Testa di capo è il titolo dell’ultimo libro di Robert I. Sutton, professore di Ingegneria gestionale all’Università di Stanford. È un saggio dedicato all’arsenale del cattivo capo, dalle forme più sottili e crudeli di mobbing alla pura idiozia. Come dice Sutton «…è facile essere un bastardo matricolato, quando si occupa la scrivania più grande». Nel volume si cerca di far emergere il profilo del “buon capo” dall’analisi di un insieme di cattivi esempi da non imitare. Ne consiglio la lettura a tutti, poiché, come dice l’autore, «la maggior parte di noi ha un capo, oppure è un capo, o entrambe le cose».

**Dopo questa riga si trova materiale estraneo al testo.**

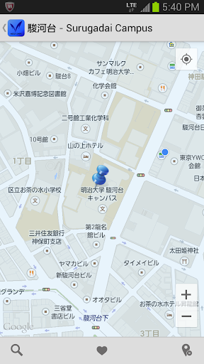 マップ - 各キャンパスの建物を名前で検索することができます。検索結果をクリックすると、マップ上にピンが表示され、現在地からの距離を示します。このマップがあれば、あなたも学内で迷子になることはありません!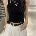 | nameOriginal | Design sense hollow black sleeveless vest for women summer 2024 new short sexy versatile tight outer top |

Sutton ci spiega «come imparare dai peggiori». Penso sia utile però, per dirigere in modo efficace, acquisire anche alcuni principi teorici, purtroppo poco conosciuti e ancor meno applicati, che possano aiutarci a migliorare le capacità di guida di cui tutti, in misura più o meno elevata, disponiamo: capacità cui ci si riferisce normalmente con il termine leadership. Iniziamo con un po’ di sano realismo. Se siamo diventati “capi”, o comunque abbiamo acquisito una posizione di responsabilità, probabilmente ci siamo battuti per questo; ci siamo confrontati, o persino scontrati, con alcuni colleghi; abbiamo usato tutte le nostre capacità di influenza, qualche volta forse (diciamo la verità) in modo non perfettamente etico. La scalata in qualunque sistema gerarchico non è (per parafrasare un vecchia battuta del presidente Mao) una passeggiata in campagna. Senza nulla togliere al merito, è chiaro che per prevalere abbiamo dovuto essere più determinati e più aggressivi degli altri; ed è inevitabile che lungo il percorso abbiamo imparato a conoscere anche miserie e debolezze della struttura e delle persone che ne fanno parte, accumulando una buona dose di scetticismo e forse anche di cinismo. Tutto ciò è perfettamente normale, così come è normale che talvolta si sia costretti a ricorrere non tanto alla persuasione quanto all’uso spietato del potere gerarchico; come diceva Al Capone «… con un sorriso si fa molta strada, ma con un sorriso e una pistola si va molto più lontano».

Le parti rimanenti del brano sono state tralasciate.